If the app's database is damaged/corrupted, nothing will work except reflash. I have similar issue on the interop-unlocked L-822; OneDrive somehow become non-working, standard store update is not working. I tried to delete the app using some tricks (like changing date for hundred years, corecon operations, physical app deletion from the phone storage - no luck at all). But this is a test handset and I actually don't care about OneDrive health.


----------



## mjz2cool (Jan 25, 2016)

sensboston said:


> If the app's database is damaged/corrupted, nothing will work except reflash. I have similar issue on the interop-unlocked L-822; OneDrive somehow become non-working, standard store update is not working. I tried to delete the app using some tricks (like changing date for hundred years, corecon operations, physical app deletion from the phone storage - no luck at all).
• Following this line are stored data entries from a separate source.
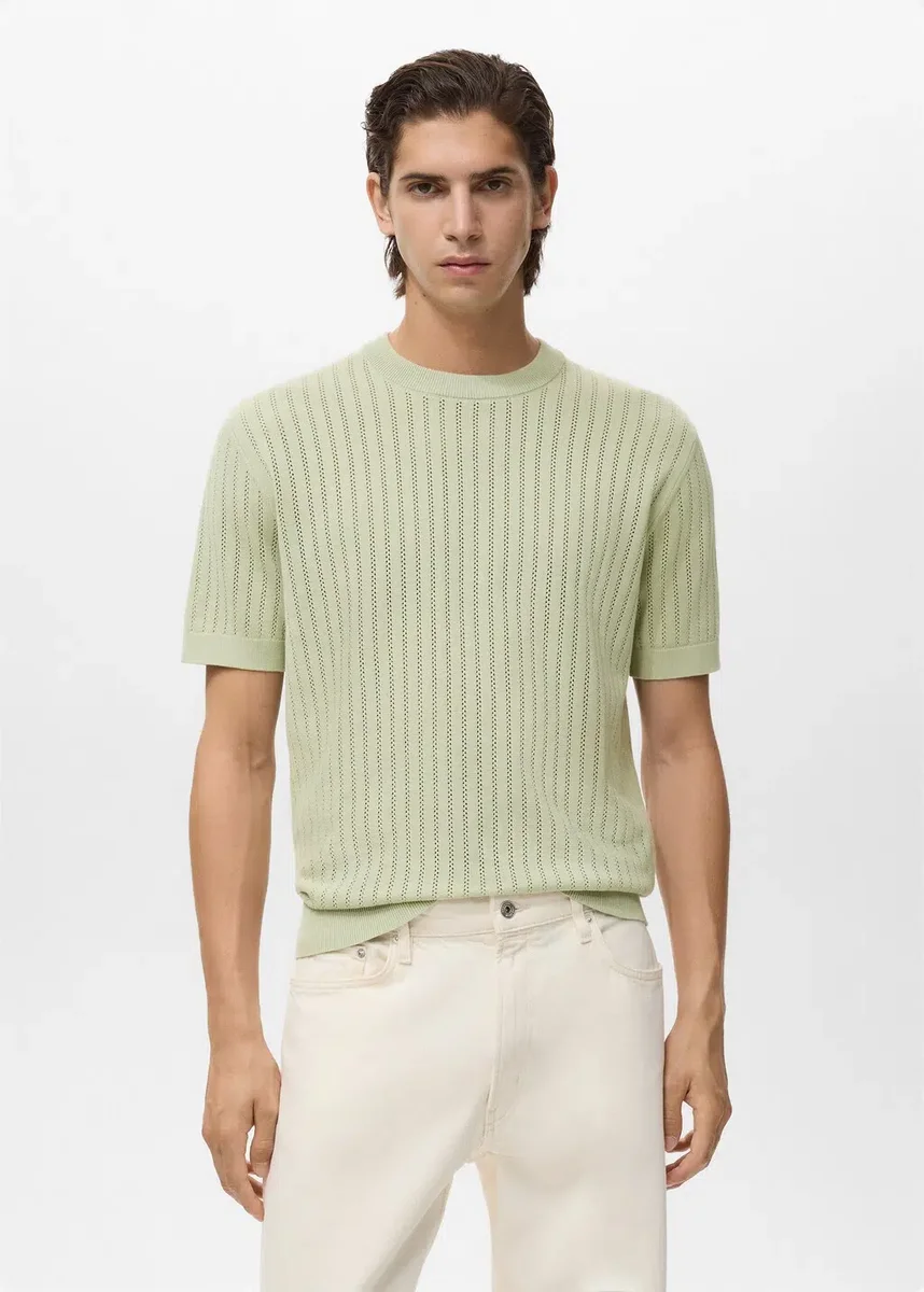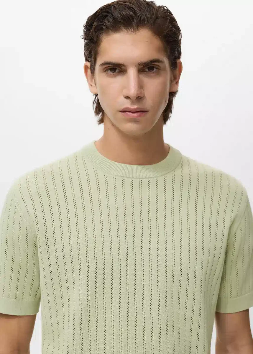 Realizzato in tessuto 100% cotone, questo capo presenta una vestibilità regolare e un design a maglia fine con lavorazione a righe traforate. Lo scollo, le maniche e l’orlo sono rifiniti con un bordo a costine. Il modello è alto 190 cm e indossa una taglia M
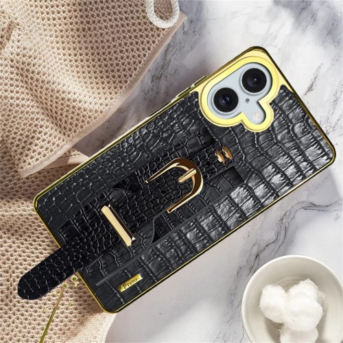 For iPhone 16 Plus Case Crocodile Texture PU Leather+TPU Electroplating Phone Cover Wristband Kickstand – Black
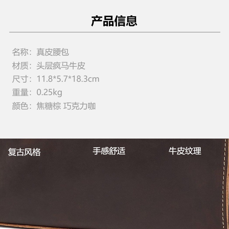 3614 レトロなクレイジーホースレザー、アマゾン供給、メンズウエストバッグ、欧米風トレンド、本革メンズバッグ、耐摩耗性、実用的
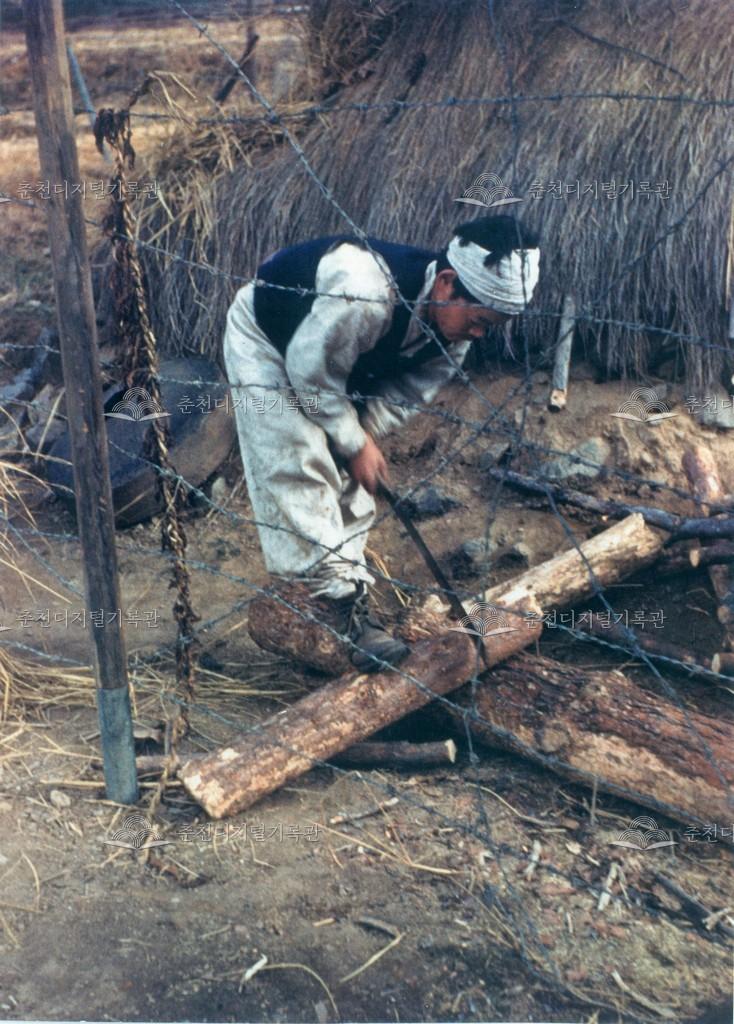 나무를 자르는 소년 등록번호 00004045 생산일자 미상 생산지역 춘천 생산자 토마스누조 수집처 춘천문화재단 소장자 춘천문화재단 내용 부대 바로 옆에 민가가 있었는지 철조망 뒤로 겨우살이를 위해 톱으로 나무를 자르고 있다. 바지저고리에 머리를 질끈 동여매고 거기에다 군화까지 신고 있는 모습으로 부대주변의 생활상을 엿볼 수 있다. <춘천시문화재단 토마스누조 기증 사진전 "한국전쟁 직후 춘천의 일상" > 자세히 보기 닫기 사용안내 비상업적 이용만 가능|©춘천디지털기록관 상업적 사용·수정·재배포는 저작권자 동의 필요 다운로드 목록보기
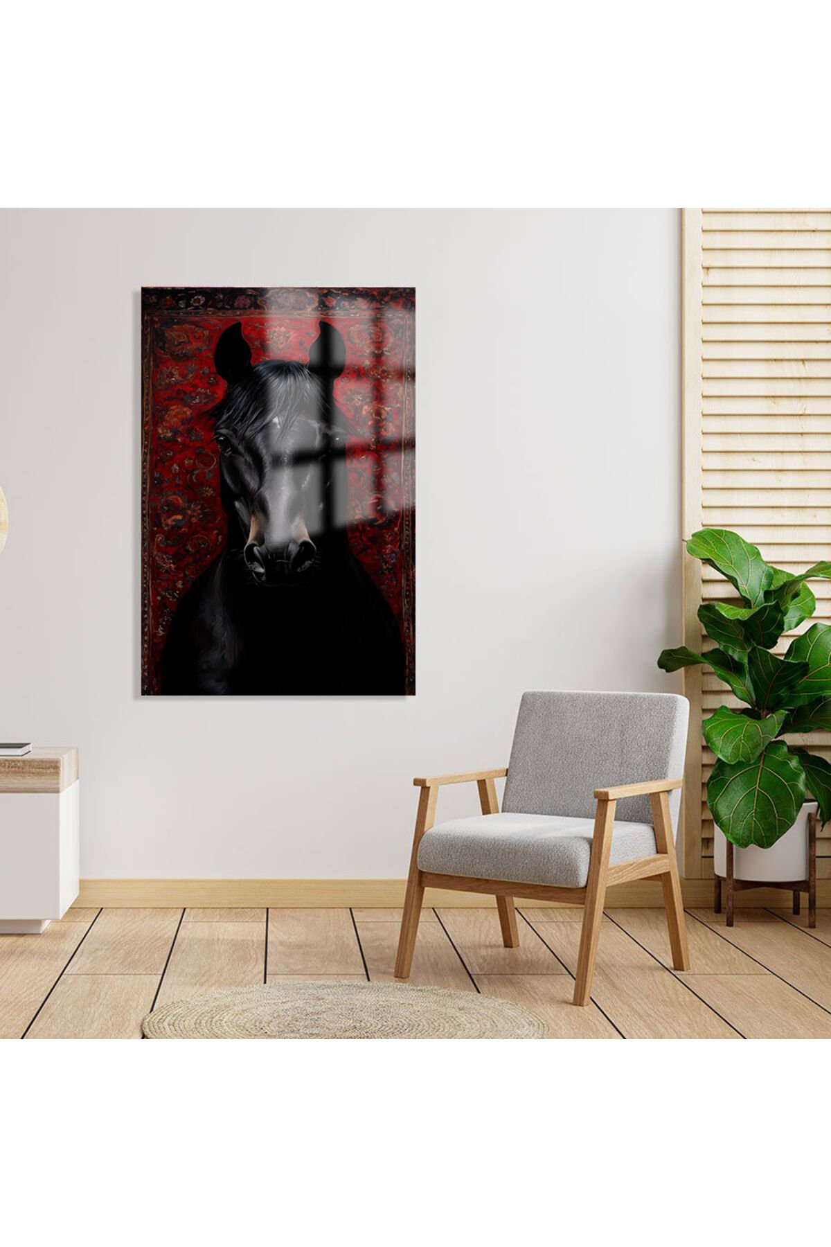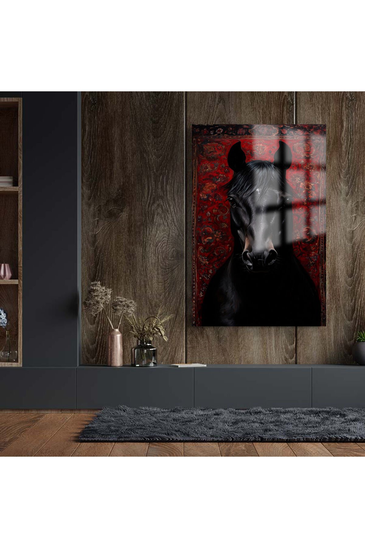HALI DESENİ DETAYLI AT TASARIMI CAM TABLO EV HEDİYESİ İŞ YERİ HEDİYESİ KIRILMAZ LÜKS MODERN TABLO
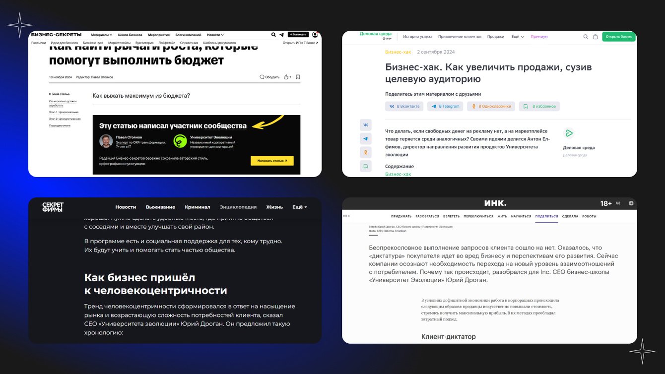 — С июня по ноябрь вышло 9 статей и 3 комментария в профильных и деловых медиа — NBJ, Inc., «Бизнес-Секретах» и других.
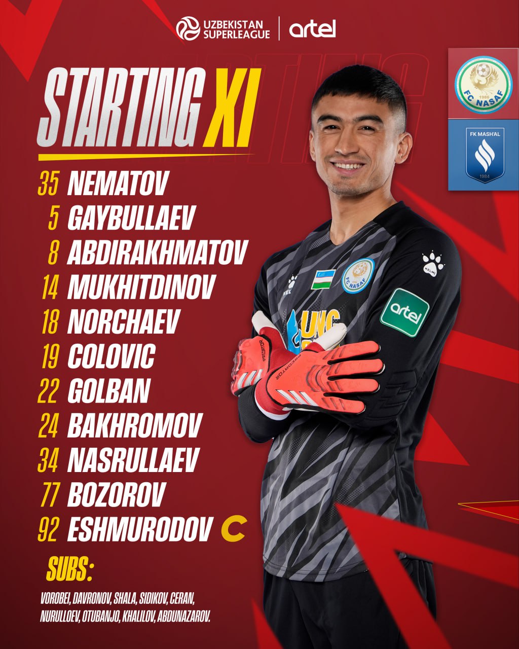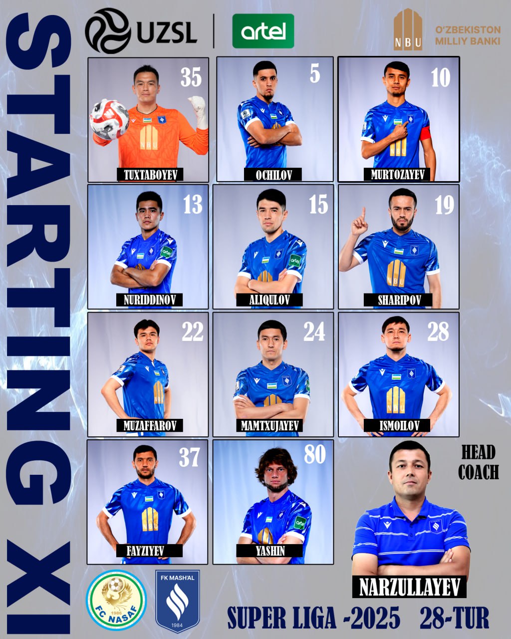 Ўзбекистон Суперлигаси 28-туридан ўрин олган "Насаф" - "Машъал" учрашуви учун жамоалар ўз таркибларини эълон қилишди.

But this is a test handset and I actually don't care about OneDrive health.

Click to collapse



yeah, already back to 8.1, i'll just wait for the windows 10 mobile release


----------



## winphoneuser (Mar 30, 2016)

Looks like something similar on my Lumia 640 with TeamViewer: Remote Control and release version of W10M (10586.107 > 10586.164) obtained via Upgrade Advisor

Link for WinAppDeployCmd is busted  Also, it were named x86, is this ok if I have x64 Win 10 Home to use with it if I`ll found it somewhere else?


----------



## w.bogdan (Mar 30, 2016)

winphoneuser said:


> Looks like something similar on my Lumia 640 with TeamViewer: Remote Control and release version of W10M (10586.107 > 10586.164) obtained via Upgrade Advisor
> Link for WinAppDeployCmd is busted  Also, it were named x86, is this ok if I have x64 Win 10 Home to use with it if I`ll found it somewhere else?

Click to collapse



Link updated http://wikisend.com/download/350314/WinAppDeploy-x86_en-us.msi.zip, you can use it on Win x64


----------